Davacı 23.03.2011 ila 19.06.2013 tarihleri arasında olacak şekilde 2 yıl 2 ay 26 gün davalı nezdinde çalışmış, 4857 sayılı İş Kanunu’nun 53. maddesi gereği ilk 5 yıl için 2×14= 28 gün yıllık izin hakkı bulunduğu anlaşılmıştır. Mahkemece davacının izin ücreti talebi kabul edilmiş ise de, dosyaya sunulan ve davacının imzasının yer aldığı personel izin formu ile izin cetveline göre davacı 02.05.2013-17.05.2013 tarihleri arası 14 gün yıllık izin kullanmış, yine davacının imzasının yer aldığı personel izin formuna göre 24.03.2012 tarihi itibari ile de 14 gün yıllık izin kullanarak toplam 28 gün yıllık izin kullanmıştır.

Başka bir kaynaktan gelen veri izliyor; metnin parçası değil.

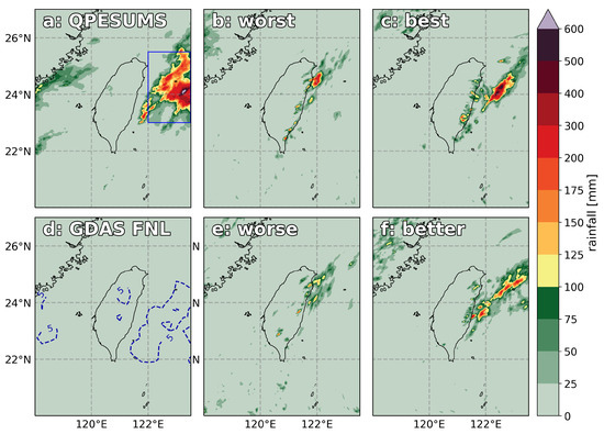 Panels b, c, e, and f in Figure 3 show the 24-h rainfall totals produced in the WRF ensemble run initialized at 12 UTC 8 June 2020 for the worst member (b), the best member (c), the worse member (e), and the better member (f), as determined by forecast verification metrics. Panel a shows the QPESUMS observed rainfall totals. Panel d shows the rainfall totals from the GDAS FNL 24-h forecast, with dashed blue contours outlining areas that received greater than 5 mm of rainfall as the accumulated rainfall does not surpass the first threshold on the colormap. The GDAS FNL 24-h forecast produced little to no rainfall. All members fail to accurately replicate rainfall in the location of the >600 mm peak shown in the observations, both in magnitude and location. The best member most accurately captures the intensity and orientation of the rainfall from the primary rainband, and the better member similarly captures the orientation but does not produce as much rainfall as the best member. The worst and worse members both fail to capture the intensity and location of the primary band of rainfall, where the rainfall is too weak, too far north, and too close to Taiwan’s coast. The worst and worse members do, however, capture the orientation of the storm’s movement (shown in the diagonal streaking/direction of the rainfall totals).
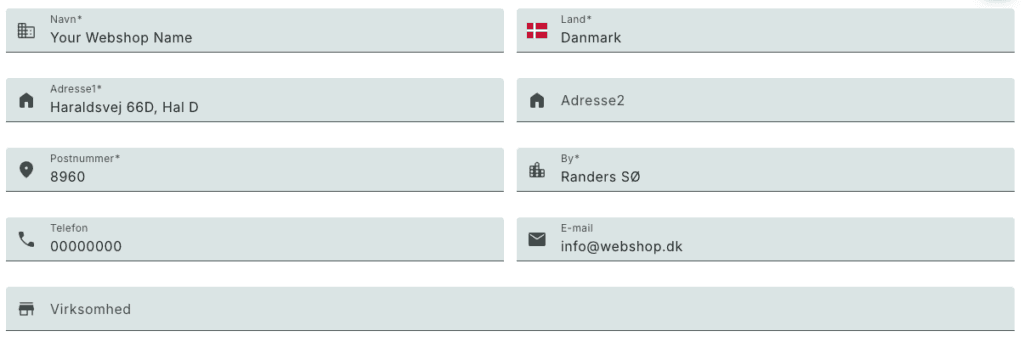 You must fill in our address, but your Webshop name, phone number and email. If you don't have a phone number you can write "00000000"
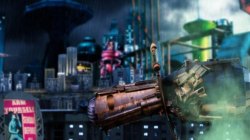 Luce blu e pioggia incessante, le astronavi sfrecciano nel cielo mentre i fasci di luce dei grandi robot guardiani pattugliano la terra. Manifesti di donne seminude e armate si stagliano sui palazzi inneggiando alla vittoria contro i “ribelli” a garanzia della pace. Sendai City wants you!
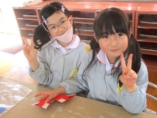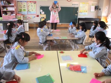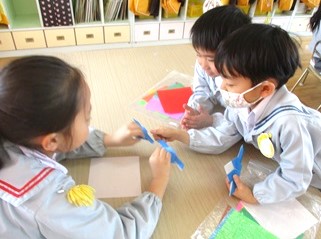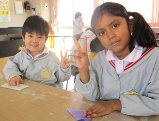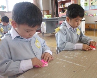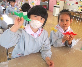 その前に、お雛様への興味を持ってもらおうと、折り紙でお雛様を折ってみました。
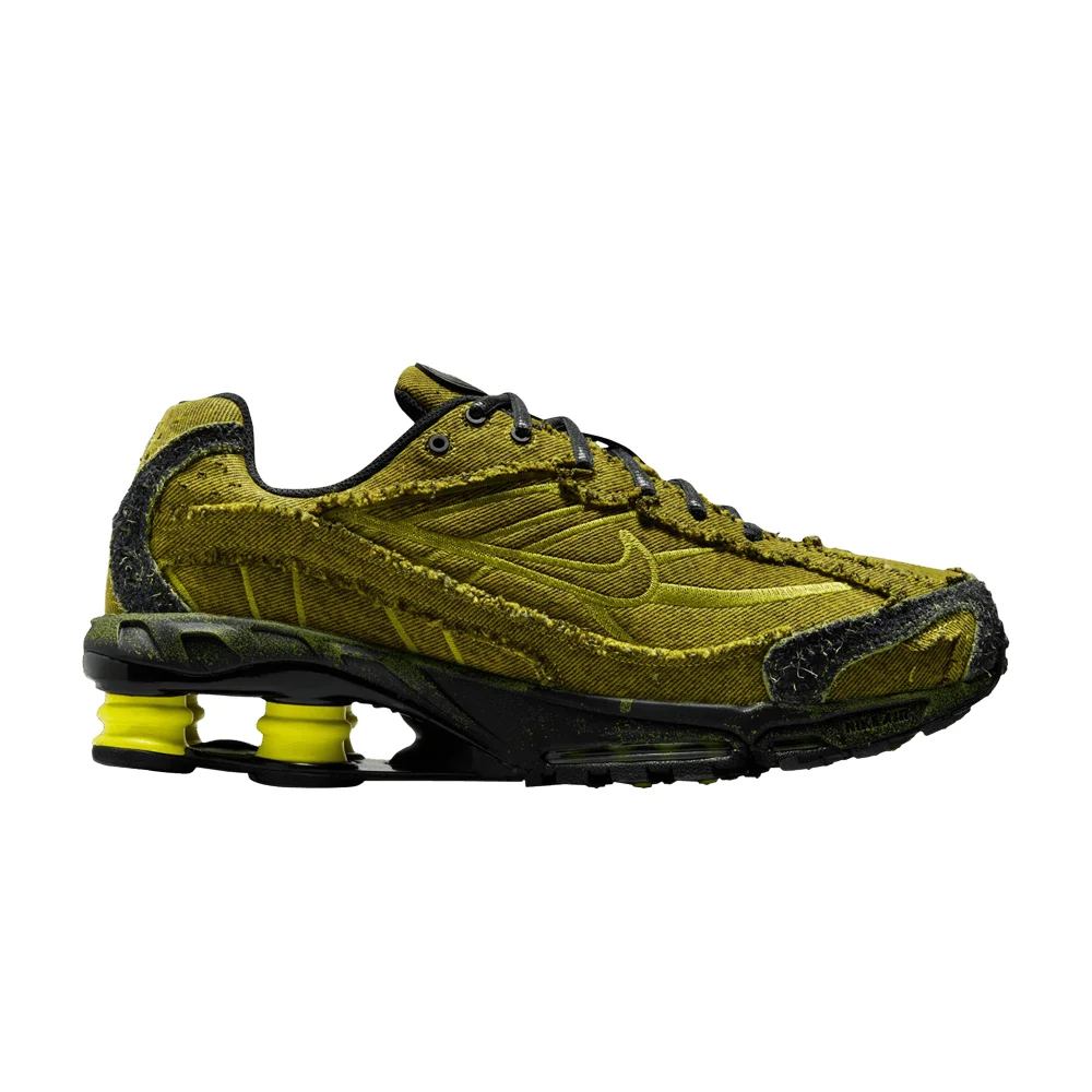 The Nike Shox Ride 2 'Bright Cactus Denim' showcases a pre-distressed aesthetic, highlighted by frayed edges on a washed denim upper in a muted chartreuse hue. Tonal embroidery outlines adorns the side panels, while green shaggy suede overlays reinforce the forefoot and heel. The sneaker rests on a dark green foam midsole, augmented with visible Max Air units in the forefoot and a quartet of Nike Shox pillars under the heel. UPPER MATERIAL Denim
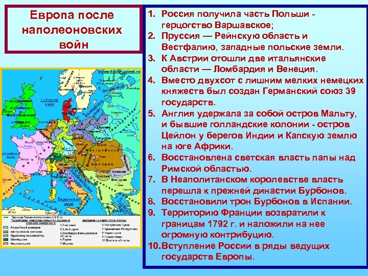 Европа после наполеоновских войн 1. Россия получила часть Польши - герцогство Варшавское; 2. Пруссия — Рейнскую область и Вестфалию, западные польские земли. 3. К Австрии отошли две итальянские области — Ломбардия и Венеция. 4. Вместо двухсот с лишним мелких немецких княжеств был создан Германский союз 39 государств. 5. Англия удержала за собой остров Мальту, и бывшие голландские колонии - остров Цейлон у берегов Индии и Капскую землю на юге Африки. 6. Восстановлена светская власть папы над Римской областью. 7. В Неаполитанском королевстве власть перешла к прежней династии Бурбонов. 8. Восстановили трон Бурбонов в Испании. 9. Территорию Франции возвратили к границам 1792 г. и наложили на нее огромную контрибуцию. 10. Вступление России в ряды ведущих государств Европы.

Buna göre davacının bakiye izin süresinin olmadığının anlaşılması karşısında talebin reddine karar verilmesi gerekirken, bu husus gözetilmeden yazılı şekilde karar verilmesi hatalı olup, kararın bozulması gerekmiştir.
SONUÇ: Temyiz olunan kararın, yukarıda yazılı sebeplerden BOZULMASINA, peşin alınan temyiz harcının istek halinde ilgiliye iadesine, 23.01.2019 tarihinde oybirliği ile karar verildi.